The Interrogation

by bdhesse

The Paidon children had been taken to the fort’s office. Captain Nikau and Colonel Kuron entered as Lacedaemon’s men were leaving.

“They’ve been tied down in the chairs,” Lacedaemon grunted as he walked passed Captain Nikau.

“Thank you,” Captain Nikau said simply. He entered the office with Colonel Kuros.

The girls were grunting and pulling on the ropes as the two men entered.

“Knock that off,” Colonel Kuros demanded. “You’re not going anywhere. Tell us who sent you.”

The nearest girl stopped long enough to spit at Colonel Kuros’s feet before continuing to struggle.

“Why you stupid little…” Colonel Kuros snarled, taking a step towards the girl.

“Colonel!” Captain Nikau cried. “Stop!”

The girl glared up at Colonel Kuros.

Colonel Kuros turned to look at Captain Nikau. “Do not give me orders Captain,” he hissed.

Captain Nikau shrugged. “Suite yourself,” he said. “But I don’t think you’ll have any luck questioning them like that. Look at them: they’re covered in scrapes and bruises. They’re warriors in their own right. They won’t break easily.”

“Then what do you recommend?” Colonel Kuros asked.

“Offer them something,” Captain Nikau replied. “Make a deal with them.”

The girls stopped struggling and stared at Captain Nikau.

“You have nothing that we want,” one of the girls snarled in a thick accent.

“Really?” Captain Nikau asked innocently. “What about your lives? Do you want those? Because right now they are in our hands.”

“You can only kill us,” the girl hissed back.

“Oh, we can do much worse than that,” Colonel Kuros replied. “But if your lives mean so little to you we’ll gladly take them.”

“Son of a pig!” the girls screamed. “You are nothing but filthy swine. You can do nothing to us.”

Colonel Kuros rushed over to the girl and slapped her hard with the back of his hand. “I will get the information that I want. And when I have it I will make you regret crossing me.”

The girl began to laugh.

Colonel Kuros turned on his heals and began walking towards the door. “Let’s go,” he said to Captain Nikau.

“That was a mistake,” Captain Nikau said once they had gotten a few feet from the office.

“How so?” Colonel Kuros asked.

“Now they have a reason to hate us,” Captain Nikau replied.

“They already hated us,” Colonel Kuros replied.

“Yes, but they had no knowledge of us,” Captain Nikau said. “We could have convinced them we’re their friends.

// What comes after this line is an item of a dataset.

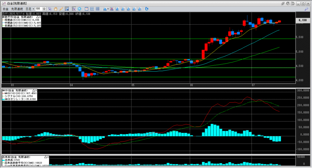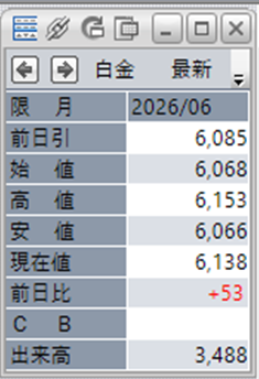 5,500円を超えてきましたので、白金高騰が続く可能性が高まっています。

We could have turned them to our side.”

“Do you really want traitors on our side?” Colonel Kuros asked.

Captain Nikau shrugged. “I thought we were just after information,” he replied.

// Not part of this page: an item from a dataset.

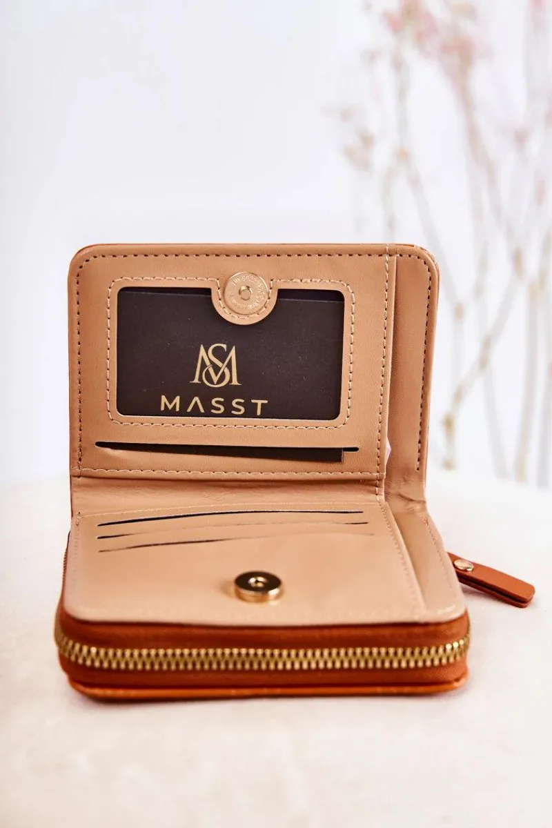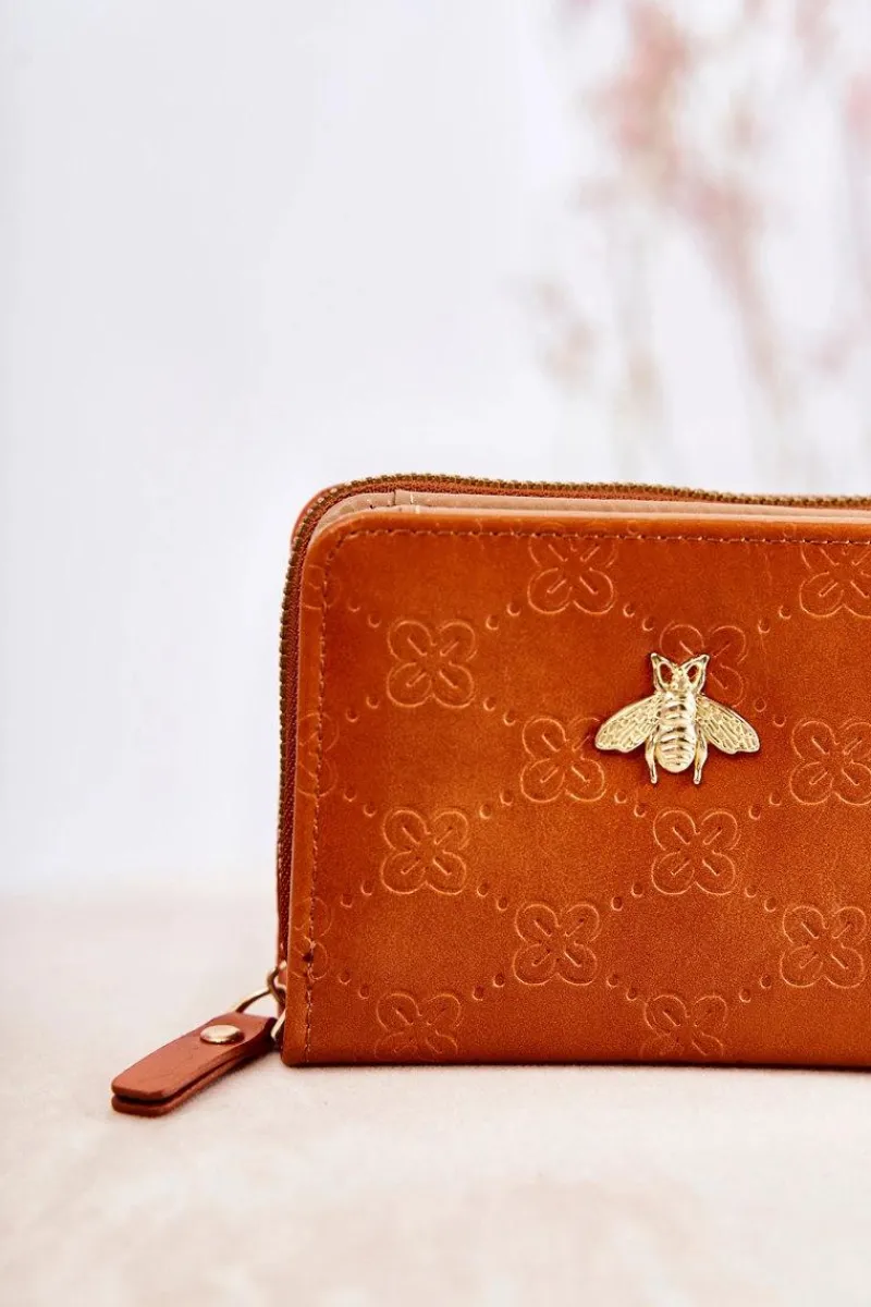 Mały, elegancki portfel został wykonany z eko skóry z tłoczeniem na całości. Zapinany na magnes oraz suwak. W środku posiada kilka kieszeni na karty czy wizytówki, miejsce na banknoty, a także miejsce na fotografię. Zamykana na suwak kieszonka pomieści bilony. Na przodzie umieszczono modny emblemat. Portfel dodatkowo posiada dopinany pasek. Ten niezbędny dodatek każdej kobiety sprawdzi się także idealnie jako prezent!

Colonel Kuros snorted. “They’ll still give it to us,” he replied.

“They would have given it to us freely and honestly,” Captain Nikau said. “Now it certainly won’t be free, and we can’t guarantee that it’ll be honest.”

They entered the mess tent and walked over to where General Stratagos was sitting.

“How did it go?” the general asked before sipping his spoonful of soup.

“Badly,” Captain Nikau replied.

“Oh?” General Stratagos said.

“The girls provoked Colonel Kuros,” Captain Nikau said. “Now they hate us. They’re so full of anger. I doubt they’ll ever give us a straight answer. We ay kill them before we have the truth.”

“Enough!” Colonel Kuros cried, slamming his fists on the table. “They will be made to talk. We will have the truth.”

General Stratagos put his spoon back in his bowl. “I fear the Captain is right,” he said. “They will take the truth with them to the grave as things stand now.”

“They will not!” Colonel Kuros cried.

“Silence!” the general snapped. “Colonel Kuros, you will not go near those girls again. Captain Nikau, please go back to the girls tomorrow. Interrogate them by yourself. Do what you must to get the truth from them.”

“Yes, sir,” Captain Nikau replied.

Colonel Kuros stormed out of the tent. Captain Nikau shrugged, then stood up to grab his own bowl of soup.